(Beginning of Supplied data)

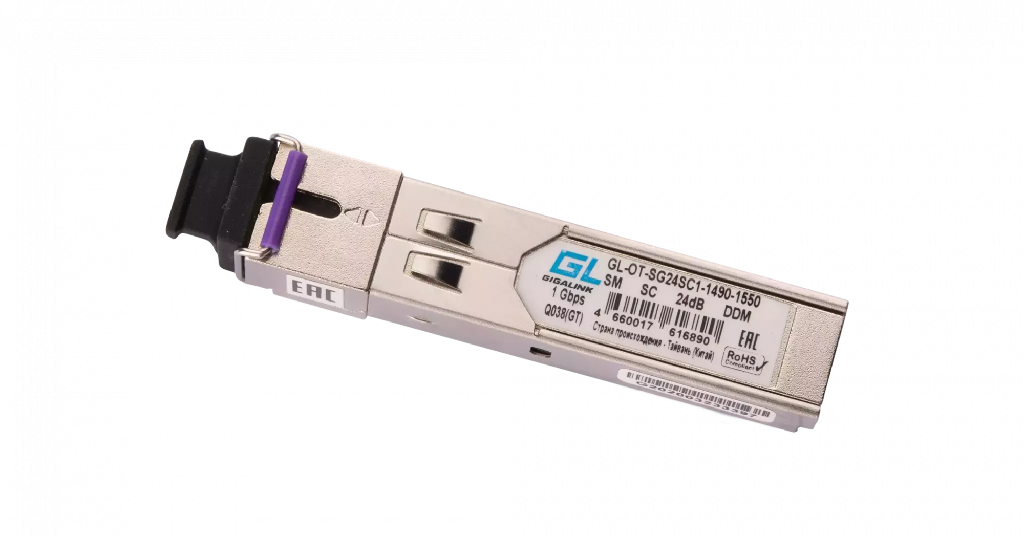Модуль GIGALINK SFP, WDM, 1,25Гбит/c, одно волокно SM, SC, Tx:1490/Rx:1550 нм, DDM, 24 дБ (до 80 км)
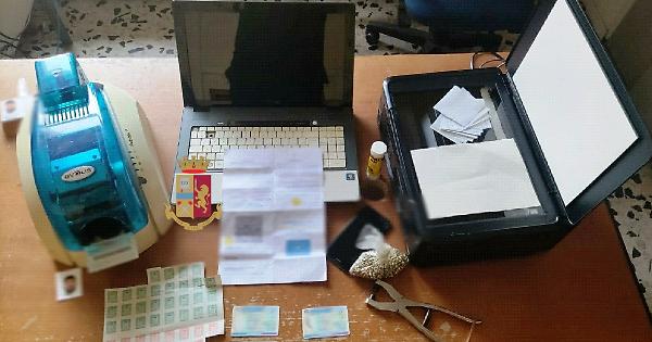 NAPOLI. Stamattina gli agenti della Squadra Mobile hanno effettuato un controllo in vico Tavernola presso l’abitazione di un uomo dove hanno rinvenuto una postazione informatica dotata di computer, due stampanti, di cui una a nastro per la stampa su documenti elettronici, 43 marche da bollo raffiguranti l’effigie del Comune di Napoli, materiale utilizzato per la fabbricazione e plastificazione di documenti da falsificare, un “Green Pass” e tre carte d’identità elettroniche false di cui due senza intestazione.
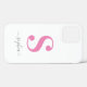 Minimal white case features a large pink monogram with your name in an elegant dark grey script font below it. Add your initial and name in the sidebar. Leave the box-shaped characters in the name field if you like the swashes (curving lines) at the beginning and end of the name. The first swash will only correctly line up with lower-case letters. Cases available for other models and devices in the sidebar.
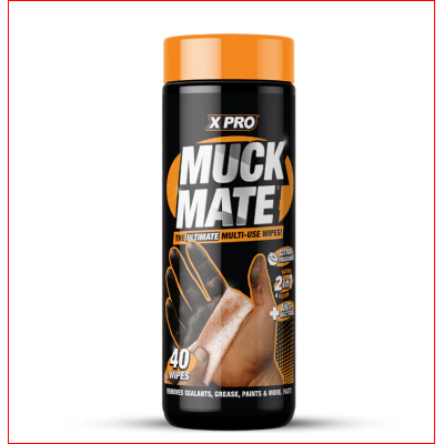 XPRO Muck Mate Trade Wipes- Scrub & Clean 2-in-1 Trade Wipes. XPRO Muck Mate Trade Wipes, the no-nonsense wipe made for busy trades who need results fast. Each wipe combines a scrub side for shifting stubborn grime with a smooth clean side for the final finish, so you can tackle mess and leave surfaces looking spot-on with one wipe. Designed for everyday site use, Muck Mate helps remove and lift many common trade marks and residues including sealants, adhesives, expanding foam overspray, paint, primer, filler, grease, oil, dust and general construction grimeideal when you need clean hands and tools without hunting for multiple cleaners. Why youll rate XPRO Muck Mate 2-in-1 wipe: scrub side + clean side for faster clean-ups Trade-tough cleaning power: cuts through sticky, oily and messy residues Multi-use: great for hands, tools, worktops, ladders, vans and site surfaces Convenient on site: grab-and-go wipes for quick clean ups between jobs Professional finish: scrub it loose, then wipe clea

(End of Supplied data)

Whenever a picture appears in the listing, leave it out; copy everything else exactly.

Task output:
Модуль GIGALINK SFP, WDM, 1,25Гбит/c, одно волокно SM, SC, Tx:1490/Rx:1550 нм, DDM, 24 дБ (до 80 км)
 NAPOLI. Stamattina gli agenti della Squadra Mobile hanno effettuato un controllo in vico Tavernola presso l’abitazione di un uomo dove hanno rinvenuto una postazione informatica dotata di computer, due stampanti, di cui una a nastro per la stampa su documenti elettronici, 43 marche da bollo raffiguranti l’effigie del Comune di Napoli, materiale utilizzato per la fabbricazione e plastificazione di documenti da falsificare, un “Green Pass” e tre carte d’identità elettroniche false di cui due senza intestazione.
 Minimal white case features a large pink monogram with your name in an elegant dark grey script font below it. Add your initial and name in the sidebar. Leave the box-shaped characters in the name field if you like the swashes (curving lines) at the beginning and end of the name. The first swash will only correctly line up with lower-case letters. Cases available for other models and devices in the sidebar.
 XPRO Muck Mate Trade Wipes- Scrub & Clean 2-in-1 Trade Wipes. XPRO Muck Mate Trade Wipes, the no-nonsense wipe made for busy trades who need results fast. Each wipe combines a scrub side for shifting stubborn grime with a smooth clean side for the final finish, so you can tackle mess and leave surfaces looking spot-on with one wipe. Designed for everyday site use, Muck Mate helps remove and lift many common trade marks and residues including sealants, adhesives, expanding foam overspray, paint, primer, filler, grease, oil, dust and general construction grimeideal when you need clean hands and tools without hunting for multiple cleaners. Why youll rate XPRO Muck Mate 2-in-1 wipe: scrub side + clean side for faster clean-ups Trade-tough cleaning power: cuts through sticky, oily and messy residues Multi-use: great for hands, tools, worktops, ladders, vans and site surfaces Convenient on site: grab-and-go wipes for quick clean ups between jobs Professional finish: scrub it loose, then wipe clea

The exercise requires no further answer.